Mitterberg, 1916 m. N-Grat, 3+
Bunte Odyssee zwischen Laglkar und Schafplan.
Ennstaler Alpen, Haller Mauern, Rosenau am Hengstpass, Oberösterreich. Zustieg 700 Hm + 5-7 SL und jede Menge mehr oder weniger exponiertes Gehgelände (300 Hm) - der Grat ist länger als man glaubt (!); mit allen Gegenanstiegen insgesamt 1200 Hm Aufstieg.
P Leopolden im hintersten Dambachtal 6 km sö. von Rosenau am Hengstpass, 12 km osö. von Windischgarsten - Laglalm - Laglkar auf ca. 1600 m (sattelartiger Einschnitt am markierten Scheiblingsteinweg, linker Hand kleiner Aussichtspunkt) - in leichtem Ab und Auf Querung durch Latschengassen nach O zum Nordgratfuß - Mitterberg - Abklettern S-Flanke in die erste Scharte - östlich auf die Schafplan hinunter - Steinmänner und Steigspuren zur Laglalm - P.
Ein Gesamtkunstwerk der besonderen Art, ein Tarantella-Tanzkurs durch alle Facetten des klassischen Felsgehens. Schon das Finden des günstigsten Zustiegs durch die Latschen kann schnell von der tragischen Komödie in eine komische Tragödie abgleiten. Die immerhin 700 m Luftlinie des Grates beschäftigen einen - trotz gehöriger „Gehstrecken“ - viel länger als man denkt. Von absoluten Genusskletterstellen à la Roggalkante über fragil-luftigste Turmgebilde bis zu total verlatschten Firstschneiden ist alles zu haben. Die gut eingebohrten Kletterlängen sind lediglich ein kurzer Akt dieses aus dem Rahmen fallenden Schauspiels. Hat man die Vorderkante dieser Felsburg erklommen, findet man sich auf einer Art Chinesischen Mauer wieder, hinter dem vermeintlichen Gipfel wachsen immer wieder neue kecke Hörner in den Himmel. Auch beim Abstieg über Südflanke und Schafplan sei man trotz Steigspuren und Steindauben immer auf der Hut.
Der gesamte Haller-Mauern-Grat vom Natterriegel zum Gr. Pyhrgas gestattet viele Blickwinkel und scheidet die Geister: Die gewaltige Kette wird im Schnitt alle 10 Jahre einmal überschritten. Eine Seilschaft wird nach 2 - 3 Biwaks rückblickend anders empfinden als ein Alleingänger, der nach 14 Stunden Dauerlauf und 4000 Aufstiegshöhenmeter höchst befriedigt in Hall eintrudelt (oder ein erfahrener Bergführer, der über der Lieblscharte aus dem bröckligen Gemäuer zu Tode stürzt). Unser Nordgrat auf den Mitterberg ist quasi eine Lilliputausgabe des Hauptkammes. Irgendwie fast ein Muss für versierte Allrounder, keinesfalls empfehlenswert für ambitionierte Sonntagsgämsen.

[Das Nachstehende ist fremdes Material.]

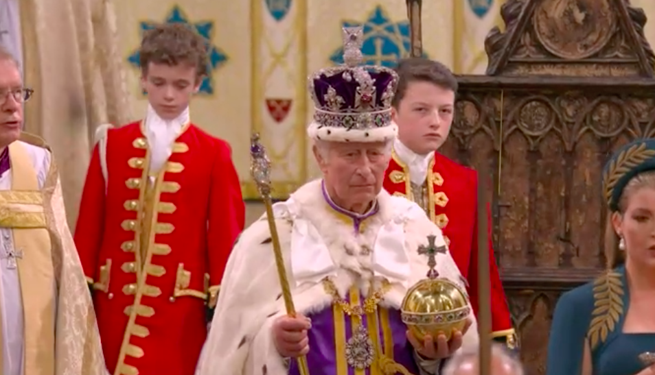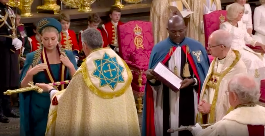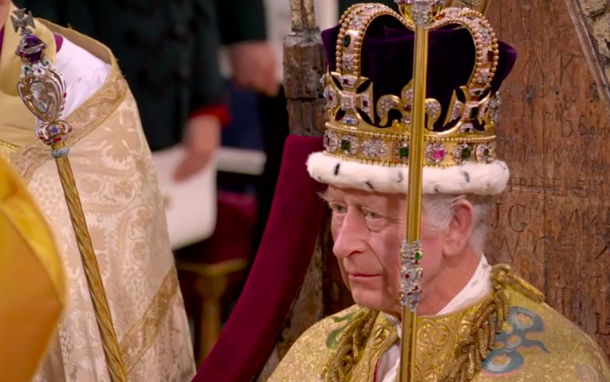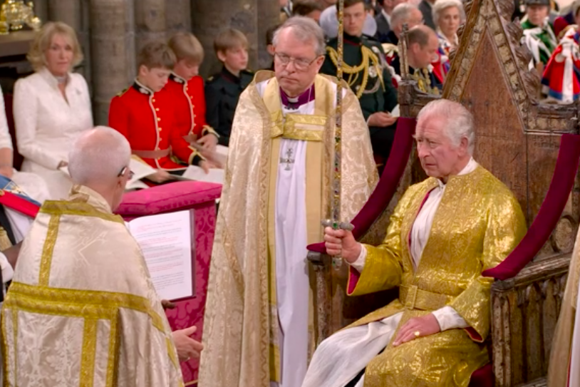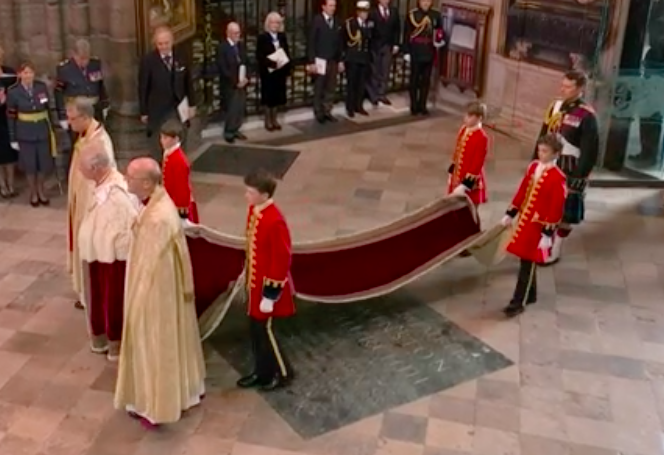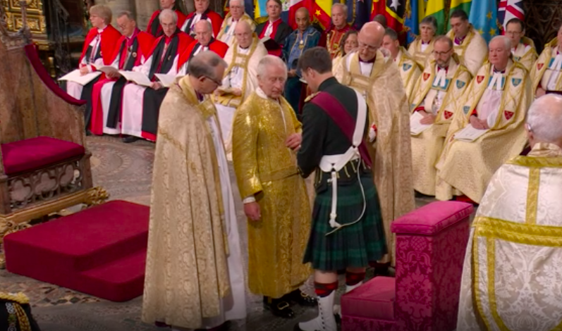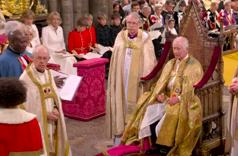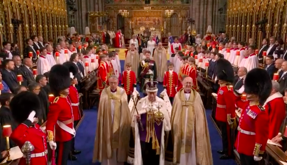 新国王が、赤い上着と白いブラウスも脱いで、何か誓ってから、今度は白いブラウスとゴールドのガウンを着せられて、イスラムっぽい歌に載せて、また何かの儀式。え?これが英国教会?と一瞬狐につままれてしまいました。エリザベス女王のとき、この場面はあったのかしら。あれこれと、誓います。I will.と宣誓しないといけないのは、圧迫感ありますね。
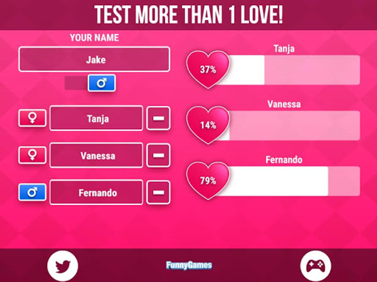 Test your love with the Love Tester love meter app! The Love Tester is a love detector which let you test love for free. Find your true love with this fun and unique Love calculator. Want to test your love? Just write your name and the name of your lover and press test! The love tester will return with a love percentage. Happy with the result? Share your result on Facebook or Twitter!
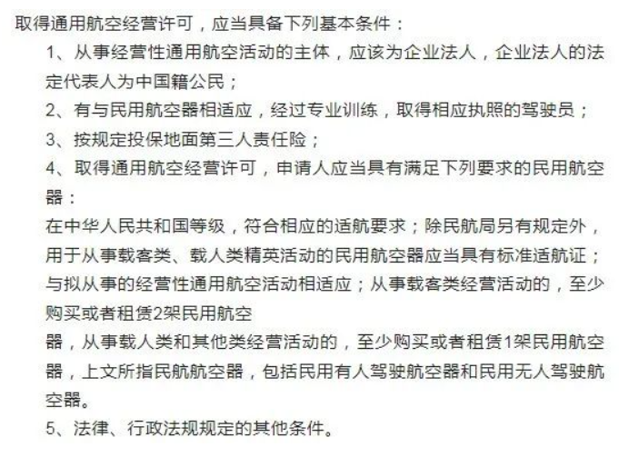 1.《中华人民共和国民用航空法》(1995年10月30日中华人民共和国第6号主席令,自1996年3月1日起施行)。2.《通用航空经营许可管理规定》(2020年8月4日交通运输部令2020年第18号公布,2021年1月1日起施行)。
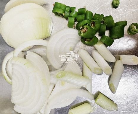 양파, 청양고추를 넣고 센 불에서 1~2분 정도만 빠르게 볶아 채소의 아삭한 식감을 살리고 물이 생기는 것을 막아주세요.
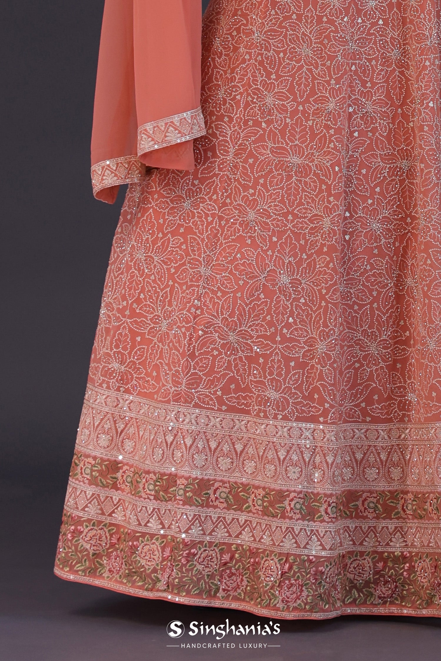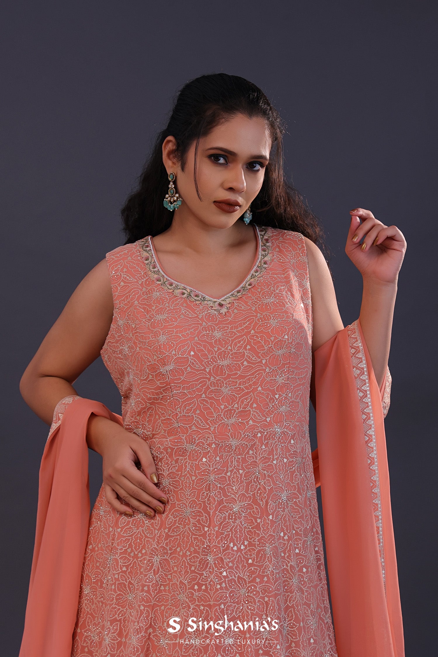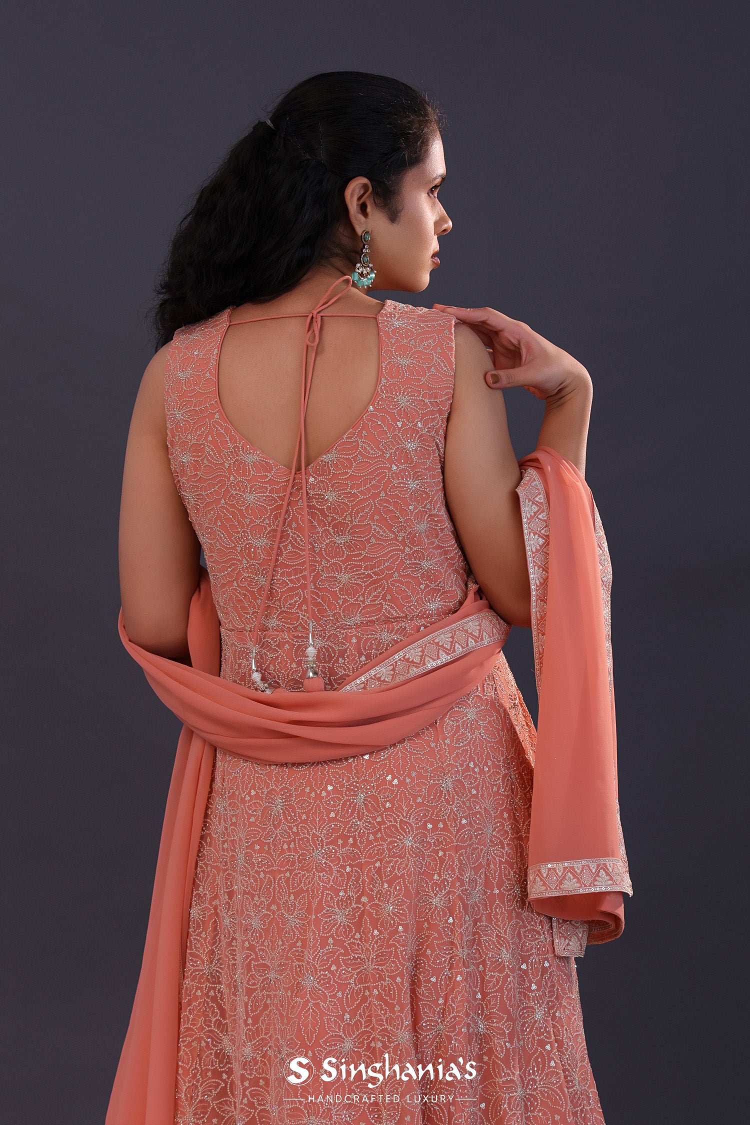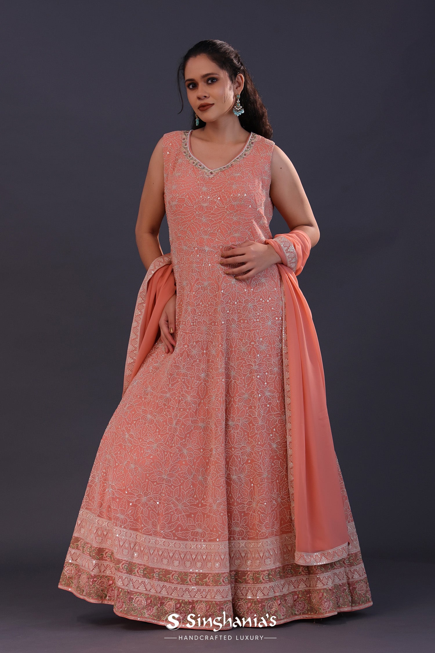 The peach pink chiffon georgette thread embroidered anarkali set with georgette dupatta for an elegant and stunning look.
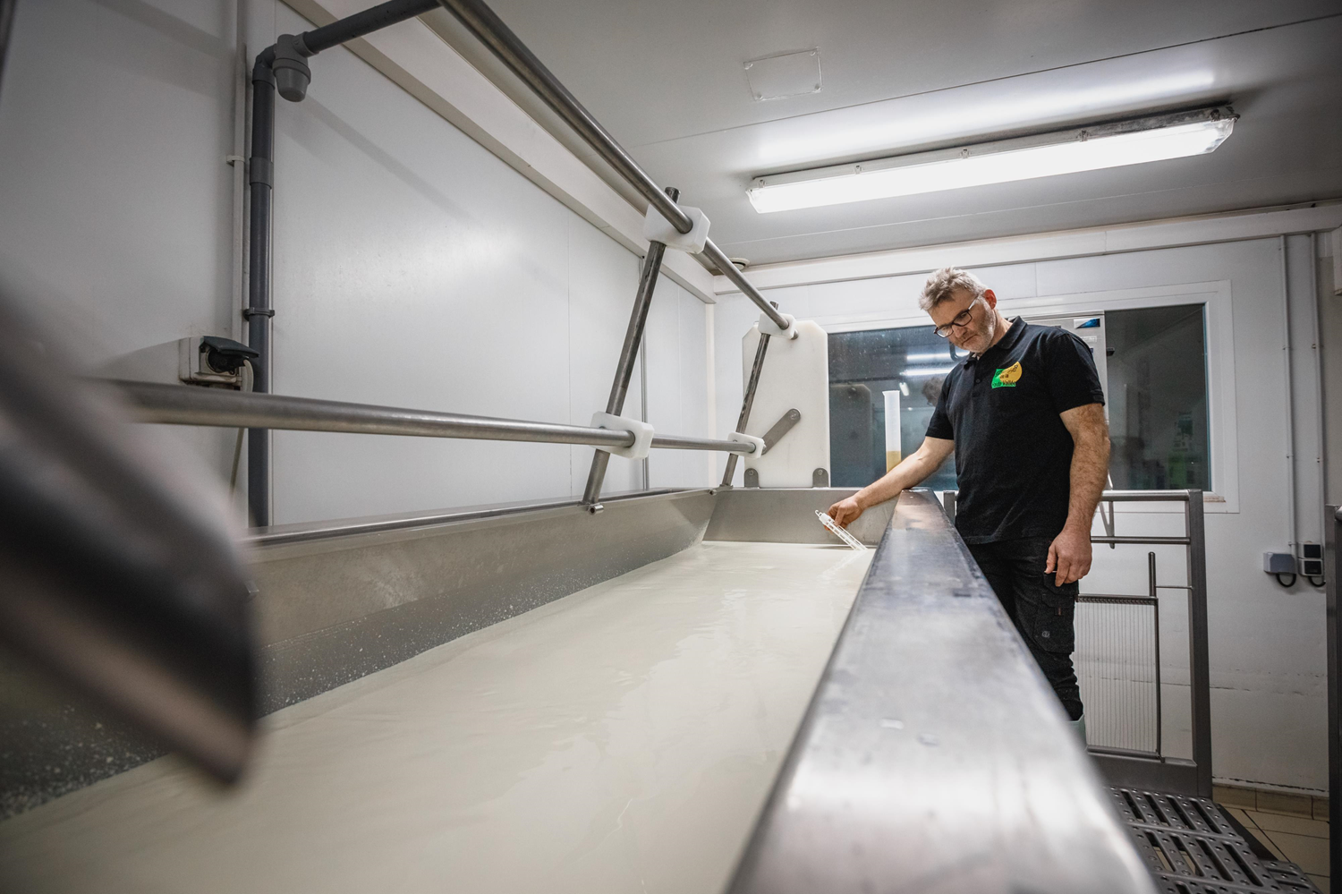 The cheese processing of milk at La Grange de la Haute Vallée follows a dual dynamic. On the one hand, it remains artisanal and respectful of the traditional methods and local flavors. On the other hand, it is carried out with modern equipment in order to meet the specific requirements and health standards of the three Auvergne PDOs produced there (Cantal, Salers, Bleu d'Auvergne). The maturing of cheese is shared between the cellars of the exploitation and those of external master refiners.
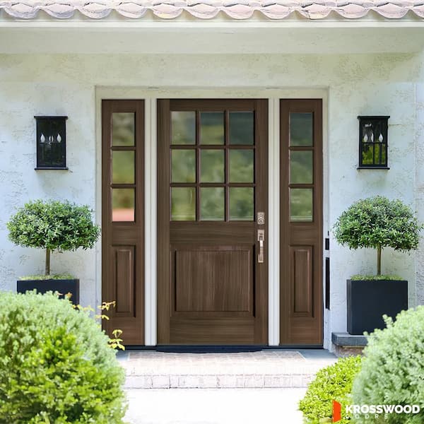 64 in. x 96 in. Farmhouse 9-Lite Clear Glass Left Hand Black Stain Hemlock Wood Prehung Front Door w/ DSL
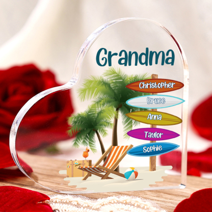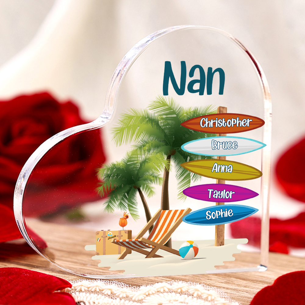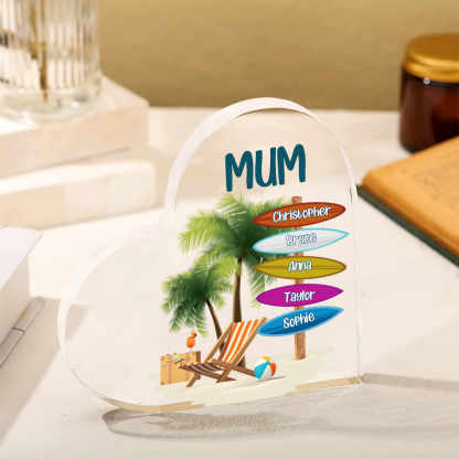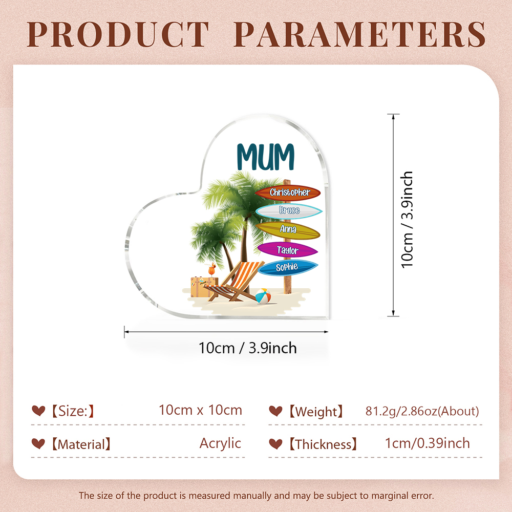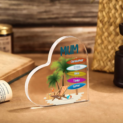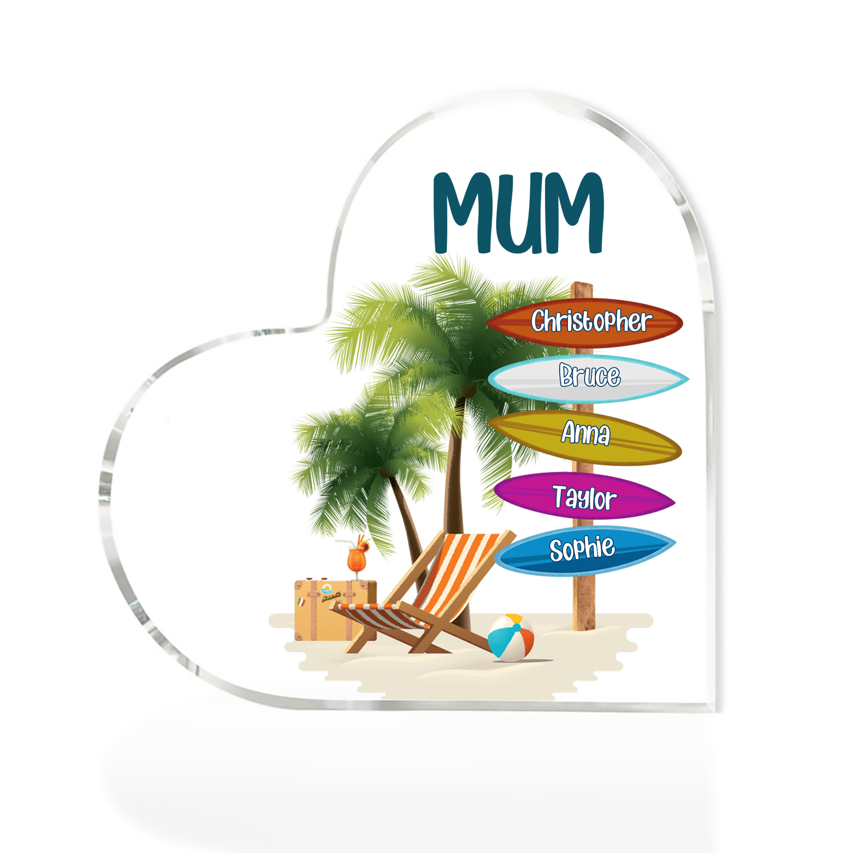 5 Names-Personalized Mum Vacation Acrylic Heart Keepsake Custom Text Acrylic Plaque Ornaments Gifts Set With Gift Box for Nan/Mother

Falls die Winterbilder neugierig machen: hier die Schitour rund um den Mitterberg und auf den Langstein.
Literatur: Im sonst so akribischen AV-Führer Gesäuseberge von Willi End ist nicht einmal der Gipfelname zu finden.
Lustigerweise taucht der Berg in einem Winterführer auf:
Mörth/Potuschak: Schitouren zwischen Enns- und Steyrtal. Steyr: Ennsthaler 1990.